Practical and Theoretical Implications
The DES model is validated as a reliable decision support tool for EMS planners, enabling performance-neutral scenario analysis and optimizing resource allocation under operational realism. Managers can directly estimate the system-wide impact of spatial and temporal resource shifts, consider ED closure or overload contingencies, and explore adaptive configurations. Results underscore the criticality of demand-driven deployment—resource concentration in high-demand central locations yields dominant efficiency improvements, while peripheral redistribution offers minimal gains.
Theoretically, the model establishes a modular, scalable foundation for simulation-based optimization (SBO), combining advanced data-driven demand forecasting, real-time monitoring, and dynamic redeployment for adaptive EMS management.
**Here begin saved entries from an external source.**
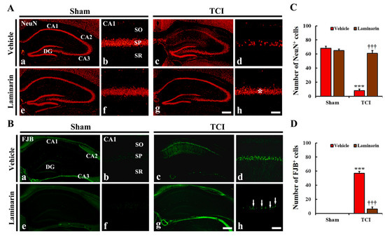 (A,B) Representative images of NeuN immunofluorescence (A) and FJB histofluorescence staining (B) in CA1 of the vehicle-sham (a,b), vehicle-IR (c,d), laminarin-sham (e,f), and laminarin-IR (g,h) groups at five days after IR. Regarding the vehicle-IR group, a few NeuN+ and many FJB+ cells are shown in the stratum pyramidal (SP). However, in the laminarin-IR group, numerous NeuN+ cells (asterisk) and a few FJB+ cells (arrows) are shown in the SP. CA, cornu ammonis; DG, dentate gyrus; FJB, Fluoro-Jade B; NeuN, nuclear antigen; SO, stratum oriens; SR, stratum radiatum. Scale bar = 400 μm (a,c,e,g), 50 μm (b,d,f,h). (C,D) Mean number of NeuN+ (C) and FJB+ cells (D) in CA1. The bars indicate means ± SEM (n = 7/group; *** p < 0.001 versus each sham group, ††† p < 0.001 versus vehicle-IR group).
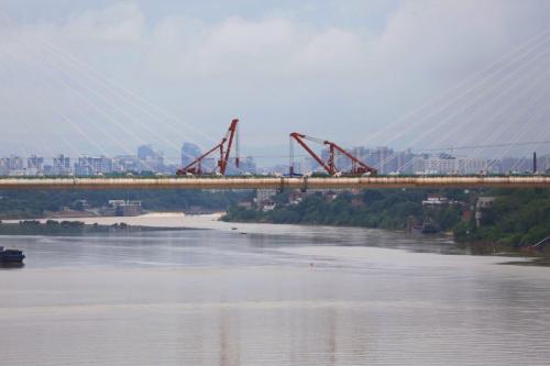 设计施工中创造出四个全国首次:首次将索塔钢锚箱结构应用于高速铁路大跨度斜拉桥;首次将锚拉板应用于高速铁路大跨度斜拉桥;首次将箱形钢-混凝土组合梁用于高速铁路大跨度斜拉桥;首次在高速铁路大跨度斜拉桥上运用新型的钢-混结合段构造连接技术。
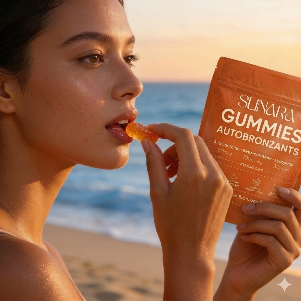 "Ce que je redoute le plus avec les autobronzants, c'est de me retrouver avec un teint orangé artificiel. Ces gummies me donnent un hâle doré naturel, comme si je revenais de vacances."
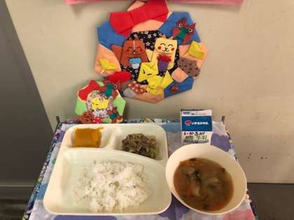 今日の給食には、かぼちゃを混ぜた「かぼちゃういろう」が登場しました。
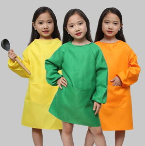 80-140cm!シンプルデザインの子供用長袖スモックです。習字や図画工作などの時間に活躍!衣類の汚れ予防に◎撥水加工なのも嬉しいポイントです♪ポケット付きでハンカチなど小物を入れられますよ。お食事、お絵かき...
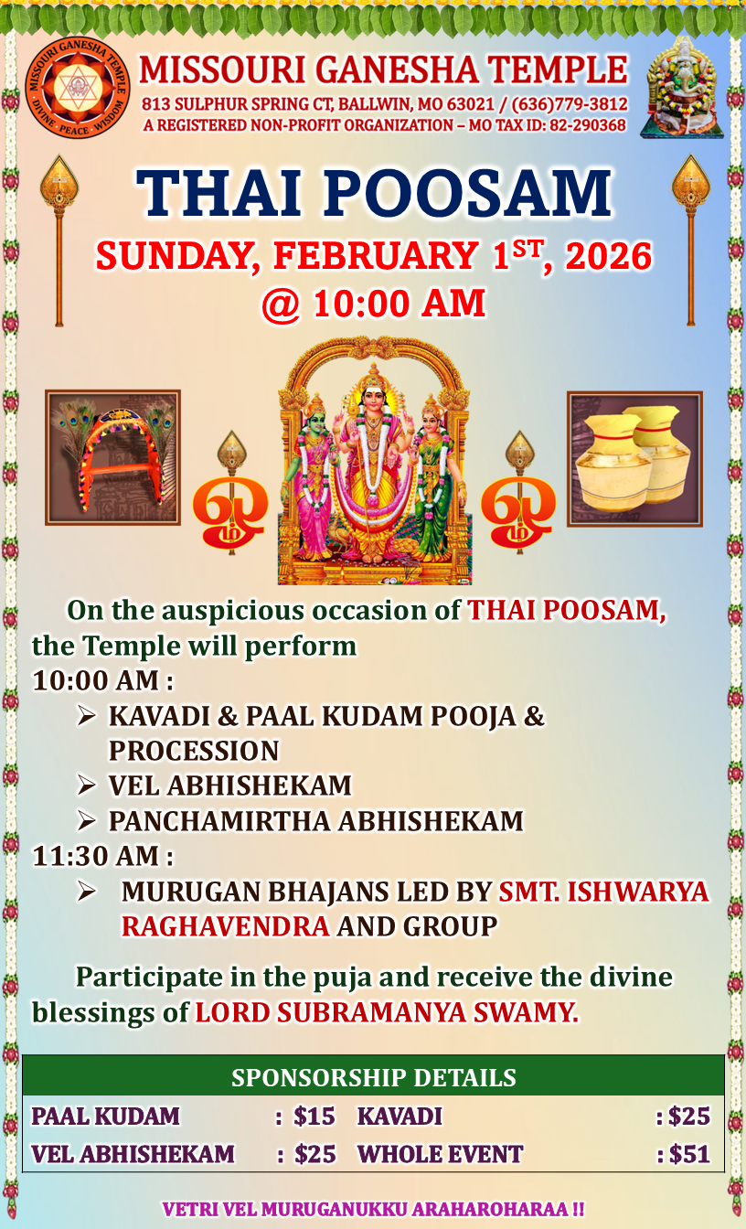 Paal Kudam – $15, Vel Abhishekam – $25, Kavadi – $25, Whole Event – $51
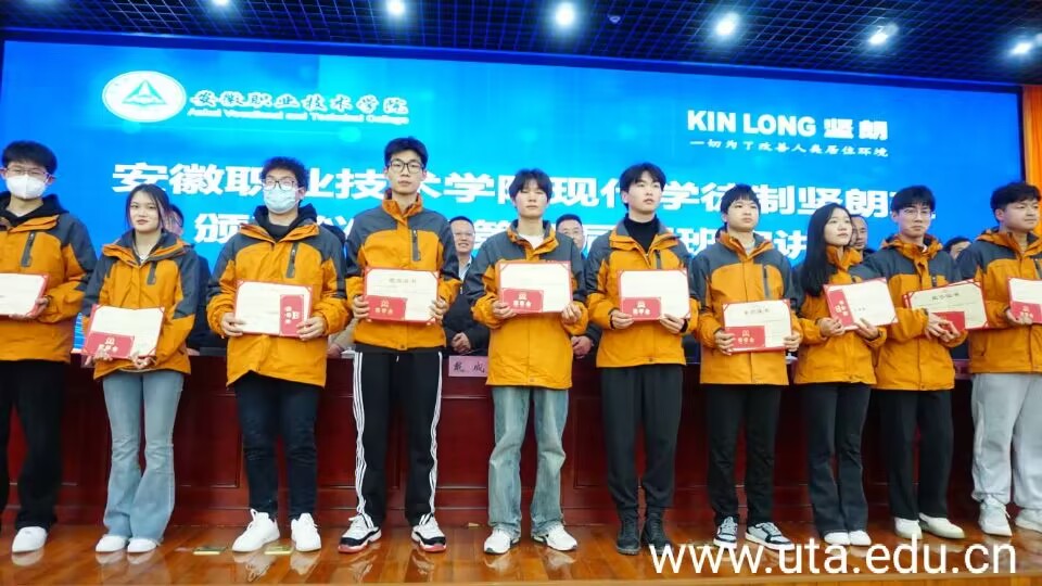宣岩松作讲话,他指出,学院与坚朗合作三年获得了可喜成绩,也积累了丰富经验,不仅为学风建设注入新动力,也为培养高素质技能型人才发挥了积极作用。他强调,校企合作、产教融合是创建现代学徒制的基础,现代学徒制的有效运行是解决学生高质量就业的有效途径,也能更好地促进职业院校教师深入服务企业,充分发挥学院与企业资源优势,更好地为社会培养高素质技术技能人才,为广大学生成长成才提供更多机会、更好的条件。他希望同学们要积极发扬坚朗公司“全力以赴、同心协力”的企业精神,努力走出一条“自强不息”“超越自我”的成才之路。

Future extensions may include integration with predictive AI models for anomaly detection and capacity planning, and algorithmic exploration of conflicting objectives (e.g., efficiency vs. equity).
Conclusion
This work presents a detailed, empirically driven DES framework that overcomes the structural limitations of prior models by faithfully reproducing every operational stage of regional EMS ambulance missions. Validation on real-world data demonstrates high fidelity and reliability, establishing the model as a robust platform for scenario analysis and strategic planning. Numerical results compellingly demonstrate that targeted capacity increases in central locations drive superior coverage outcomes, providing direct quantitative evidence to inform EMS deployment policy. The modular design supports easy extension to other operational contexts, facilitating future development of adaptive, optimization-driven EMS management systems.